Не сразу, но в палатках началось движение. Ругань, чих, звуки отвешиваемых подзатыльников. Школярам вставать не хотелось, но естественные надобности поневоле выгоняли их наружу. Петров лично заглянул в каждую палатку и вытащил тех, кто еще готов был потерпеть, лишь бы ухватить лишнюю минутку сна. Я хорошо понимал этих хитрецов, ибо и сам придавил бы минуток сто двадцать. Увы, я был учителем физкультуры и поэтому, когда основная часть отряда оросила окрестные заросли, скомандовал:

– На зарядку, стано-овись!

Нет, что ни говори, хороша штука привычка подчиняться. И мои оболтусы, и Симочкины активистки построились. Причем – именно для зарядки. Ну а дальше, как положено. На месте шагом марш. Ноги на ширине плеч, руки над головой, наклоны корпусом вправо и влево. Наклоны вперед. Кончиками пальцев рук касаемся пальцев ног. Приседаем. Подействовало. Повеселели.
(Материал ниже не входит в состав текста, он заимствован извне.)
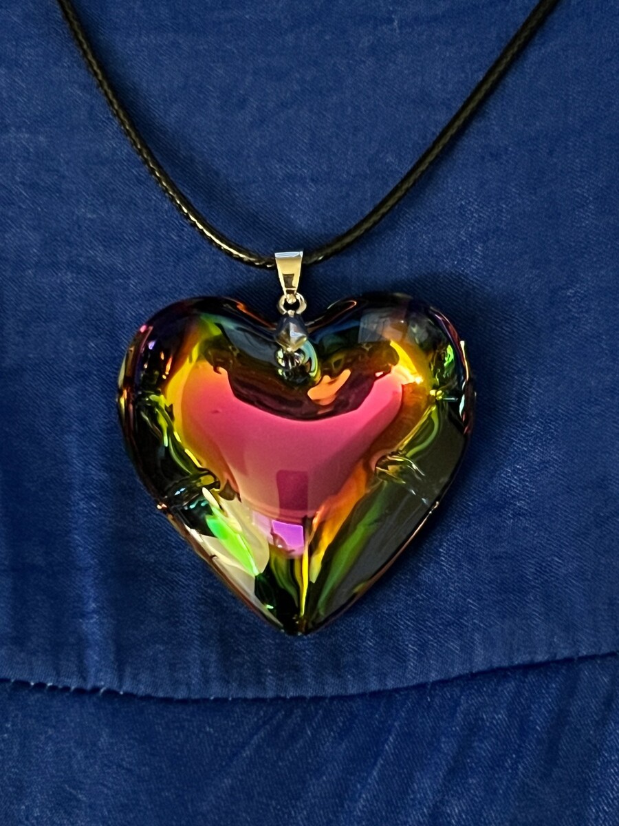 Embrace the charm of simplicity and elegance with the Multicolor Heart Necklace from AvellimGifts. The pendant showcases a captivating puffy heart design, crafted from smooth glass with a stainless steel base, featuring a silver hue that complements its crystalline appearance. Suspended on an 18-inch cord, this heart-shaped charm exudes a sense of tranquility and love, making it an ideal gift for Valentine's Day or any occasion that calls for a touch of affection.With no metal purity to consider, this necklace strikes a balance between understated charm and poignant sentiment. The white/colorless glass main stone and additional glass secondary stone enhance the pendant's allure, while the lack of a brand heralds its unique, unbranded character. Whether it's a personal indulgence or a thoughtful present, this necklace is a subtle yet significant token of love.

А от костра уже тянуло вкусным дымком. Суп из пакетиков. Со звездочками. Как я его любил в детстве, куда больше, чем материнские борщи. Дурак.

После завтрака принялись сворачивать лагерь. Поход продолжался. Упаковав пожитки в полегчавшие рюкзаки, мы покинули лощину и двинулись в сторону маячивших вдали возвышенностей. Признаться, понятия не имел, что в этих краях имеются горы. Хотя горы, наверное, сильно сказано. Холмы, увенчанные скальными останцами, но все равно – интересно. Почва стала каменистой, под ноги то и дело подворачивались языки щебня – последние следы древних оползней.
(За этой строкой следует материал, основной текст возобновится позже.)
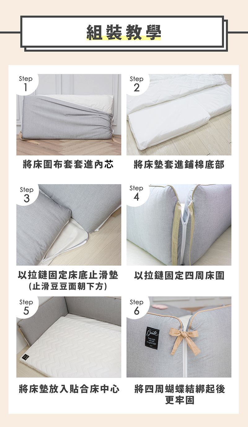 雖僅有7公斤輕巧好搬移~但是床圍在組合的過程主要是利用台灣YKK拉鍊連接彼此,最後還有蝴蝶結綁起,美觀又堅固!
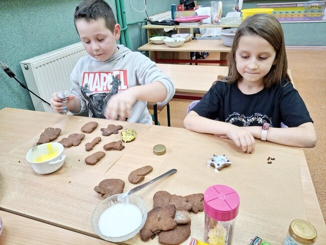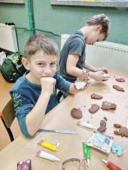 Wspólne pieczenie pierników. Uczniowie w akcji

Я в геологии не шарю, но даже мне стало понятно, что здесь когда-то высились отроги горного хребта, ныне стертого выветриванием, как зубы старого мерина. Хотя, судя по ржавеющим среди камней железкам, к разрушению оного приложили усилия и люди. Ведь то, что ветер, дожди и время совершают в течение миллионов лет, люди проделывают за пару столетий. Мои догадки вскоре получили подтверждение. Когда солнце поднялось достаточно высоко, чтобы подсушить потные затылки, наш проводник, Григорий Емельянович, объявил привал.
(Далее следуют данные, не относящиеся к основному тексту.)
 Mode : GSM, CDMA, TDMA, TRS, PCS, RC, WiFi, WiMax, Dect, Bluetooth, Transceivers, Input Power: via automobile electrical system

Отряд с радостью покидал рюкзаки и повалился в траву. Кто-то принялся сосать чай из термосов или воду из фляжек, кто-то намылился покемарить. А военрук решил блеснуть эрудицией. Он уселся на валун, чтобы его могли видеть и слышать все. Мне его не хотелось ни видеть, ни слышать. Достаточно было и того, что придется провести единственный выходной в компании его и старшей пионервожатой, а также – наших общих подопечных.

Петров был иного мнения. Он намеревался просветить присутствующих о промышленной истории края. Начал с казака Сермяжки и немецкого геолога Шлехтера, о которых я уже слышал от местного литературного классика Третьяковского. По словам военрука, они высадились примерно в том же месте, где мы ночевали. Немец предположил, что в этих краях может обнаружится железная руда, и по приказу главаря ватаги, взяв с собой несколько лихих рубак, отправился в Каменный Лог, где впоследствии и началась добыча.

Шлехтер и впрямь нашел несколько образцов, которые, по его мнению, заслуживали внимания, но сопровождающие его казаки решили, что он нашел золото и решил скрыть от них. Они схватили немца, связали его и принялись пытать. Беда несчастного иностранца заключалась в том, что он плохо говорил по-русски и всего его попытки объяснить, что золота здесь нет, воспринимались его мучителями как отговорки. Спас Шлехтера сам Сермяжка.

Обеспокоенный тем, что посланные на вылазку люди долго не возвращаются, он лично отправился на поиски, захватив с собой только своего верного оруженосца. Главарь ватаги прибыл вовремя. Он приказал отпустить немца и допросил его сам, но уже без пыток, а наоборот – отпаивая вином. Шлехтеру он поверил, тем более что ему нужны были пушки, а немец не только в рудах разбирался, но и в литейном деле. Мучителям иноземца он приказал таскать для него камни, чтобы тот мог определить, есть в них железо, а также велел ставить плавильню.

На работу казаки собрали местных жителей. По национальности они были мордвинами, работать на чужаков не хотели, но хитрый Сермяжка соблазнил их платой. В его казне было много медных денег, изъятых во время грабежа татарских мурз. Он приказал своим присным начищать монеты до блеска, и простодушные аборигены принимали их за золотые ефимки. И работа закипела. Оклемавшийся от истязаний Шлехтер придумал, как поставить на реке водяное колесо, которое через систему блоков и шкивов спускало с горы корзины с рудой к плавильне, поставленной на берегу.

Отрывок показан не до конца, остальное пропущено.